Soon Lillian returned with a tray of refreshments: coffee, milk and sugar, a pitcher of water covered with a white linen napkin, and a plate of powdered sugar donuts.  Virginia saw my startled expression. “I told mother we had to have them,” she said mischievously. I teased her that she was as wicked as the grandmother and we laughed about the tortures she liked to put her characters through. As we chatted, Lillian hovered behind Virginia’s chair.  At one point I asked her what she thought of the novel.  “Oh, I haven’t read it,” she said. How odd! How could she not want to read it?

“She’s afraid to read it,” Virginia said. Then she told her mother we needed to talk business and Lillian withdrew.
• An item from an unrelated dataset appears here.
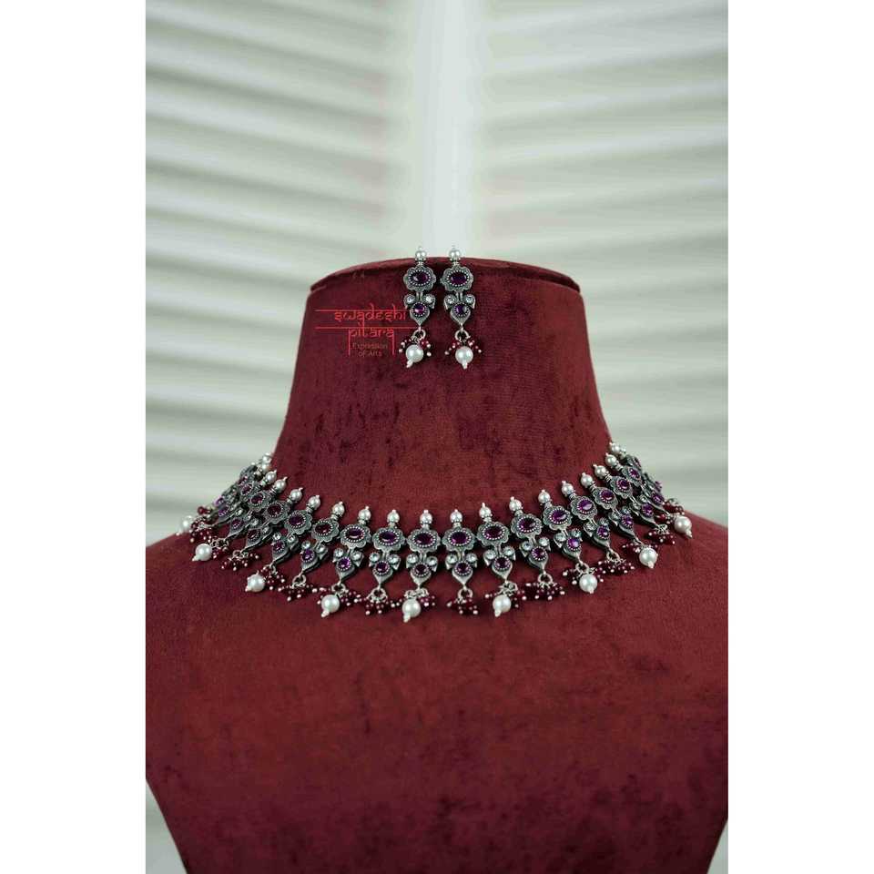 Conjunto de collar de plata Kolhapuri con rubí y piedra Kota para bodas

“What do you think about a sequel to Flowers?” I began.  “Problem is, we need to do it quickly, so it can come out a year from November when Flowers is published.”

We discussed the broad outlines of what it should be: a revenge story, underpinned by the unbreakable, impossible love between Cathy and Chris. Virginia had a wicked sense of humor, and we took turns throwing out plot ideas, devising new miseries for the children to face in the outside world — illness, suicide, obsessive love, sexual transgression, and madness. We were like two teenagers having a schadenfreude party. Virginia’s imagination was one part fairy tale, one part soap opera, with a chaser of Bette Davis. After two hours, we had the outline of the sequel, and a title: Petals on the Wind.

I told her the next time I came down, I’d bring Humphrey with me “I’ll have the first draft to you in October,” she assured me.  Then she smiled slyly. “But don’t tell Humphrey about the donuts.”

On the flight home, I couldn’t stop marvelling at Virginia.  She looked like a Dresden Doll and she was imprisoned in her wheelchair, completely at the mercy of her mother.  Was that seemingly sweet southern lady some sort of monster? How long had she been stuck in that wheelchair? I hadn’t asked the cause of her infirmity, nor had she volunteered any information about it.   But I now understood the uncanny power of the story. She was, in her own way, a flower in an attic. How many aspects of her novel were taken from real life,  I could only speculate, but as the years passed, and our friendship deepened and endured, I learned a great deal more about what inspired the story.

Ann Patty was the editor of all V. C. Andrews’ novels, up to and including Gates of Paradise. She is writing a memoir about her relationship with Virginia Andrews and her books.